Member of the House of Councillors
- In office 10 July 1983 – 22 July 1995
- Constituency: Niigata at-large district

Mayor of Sanjō
- In office 9 July 1972 – 8 July 1976
- Preceded by: Tsunesuke Watanabe
- Succeeded by: Kentaro Takizawa

Personal details
- Born: August 16, 1928 Tokyo, Japan
- Died: March 12, 2000 (aged 71)
- Party: Japan Socialist Party New Socialist Party of Japan
- Relatives: Father: Junzō Inamura (former Member of the House of Representatives) Uncle: Ryūichi Inamura (former Member of the House of Representatives)
- Alma mater: Hokkaido University (College of Agriculture and Forestry)
- Occupation: Educator, politician

= Toshio Inamura =

Toshio Inamura (稲村 稔夫, Inamura Toshio, 16 August 1928 – 12 March 2000) was a Japanese educator and politician. He served as a member of the House of Councillors and as mayor of Sanjō in Niigata Prefecture.

== Career ==
Inamura was born in Tokyo. He graduated from the College of Agriculture and Forestry of Hokkaido University in 1948. In May of the same year he became a teacher at Kutchan Junior High School in Abuta District, Hokkaido, and in 1950 a teacher at Utashinai High School. He was also active in the Japan Teachers' Union.

He later became a secretary at the headquarters of the Japan Socialist Party, serving as deputy director of the party's Farmers' Department and handling issues related to the reversion of Okinawa, the movement against atomic and hydrogen bombs, and farmers' movements. In 1969 he moved to Sanjō, his father's hometown, and served as deputy secretary-general of the party's Niigata Prefectural Headquarters and as an officer of the Niigata Prefectural Federation of the Japan Farmers' Union. He ran unsuccessfully in the 32nd House of Representatives general election in December 1969.

In 1972 he was elected mayor of Sanjō for the first time, making the city a progressive local government. He lost the subsequent mayoral election and served one term until July 1976. During his tenure he worked to improve social welfare, promote pollution control measures, and develop educational and sports facilities.

In the April 1978 Niigata gubernatorial election he ran with the recommendation of the Japan Socialist Party and the Japanese Communist Party but was defeated by the incumbent Takeo Kimi of the Liberal Democratic Party.

In the 13th House of Councillors ordinary election he was elected for the first time from the Niigata at-large district as a Japan Socialist Party candidate. He was re-elected in the 15th ordinary election and served two terms in the House of Councillors. During this period he served as Chairman of the House of Councillors Construction Committee, executive chairman of the Japan Socialist Party Niigata Prefectural Headquarters, chairman of the Sanjō Commerce and Industry Federation, chairman of the Hokushinetsu Small and Medium Enterprises Liaison Council, chairman of the Japan Farmers' Union Minami-Kanbara District Council, and standing director of the National Small and Medium Commerce and Industry Organizations Liaison Association.

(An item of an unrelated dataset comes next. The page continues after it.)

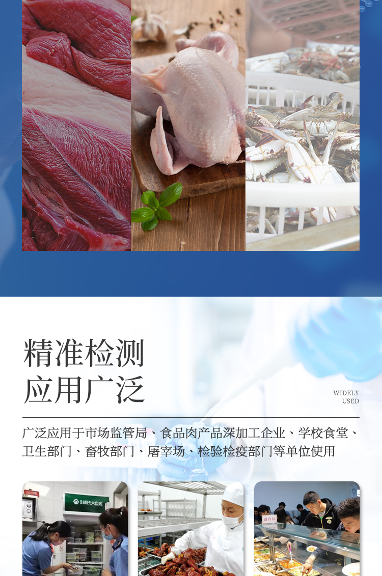 該多功能食品安全檢測儀為集成一體化食品安全快速檢測分析設(shè)備,廣泛應(yīng)用于市場監(jiān)管局、食品肉產(chǎn)品深加工企業(yè)、學(xué)校食堂、衛(wèi)生部門、畜牧部門、屠宰場、檢驗(yàn)檢疫部門等單位使用。

He did not run in the 17th House of Councillors ordinary election. In 1996 he changed his party affiliation to the New Socialist Party of Japan and ran unsuccessfully in the 41st House of Representatives general election from Niigata 2nd district.

== National election history ==
- 32nd House of Representatives general election (Niigata 3rd district, December 1969, Japan Socialist Party official candidate) — Lost
- 13th House of Councillors ordinary election (Niigata at-large district, June 1983, Japan Socialist Party official candidate) — Elected
- 15th House of Councillors ordinary election (Niigata at-large district, July 1989, Japan Socialist Party official candidate) — Elected
- 41st House of Representatives general election (Niigata 2nd district, October 1996, New Socialist Party of Japan official candidate) — Lost

== Family ==
His father was Junzō Inamura (former Member of the House of Representatives and farmers' movement activist). His uncle was Ryūichi Inamura (former Member of the House of Representatives and farmers' movement activist).

== Anecdotes ==
- Because his father and uncle were left-wing farmers' movement activists, he himself was influenced by the farmers' movement. His hobbies included tinkering with agricultural machinery and growing roses.
- He signed a petition for the release of the political prisoner Sin Gwang-su.

== See also ==
- List of governors of Niigata Prefecture
- Masao Yoshida — Member of the House of Councillors from Niigata Prefecture (Japan Socialist Party) until 1983
- Kichinosuke Meguro — Successor candidate in the 17th House of Councillors ordinary election in 1995 (unsuccessful)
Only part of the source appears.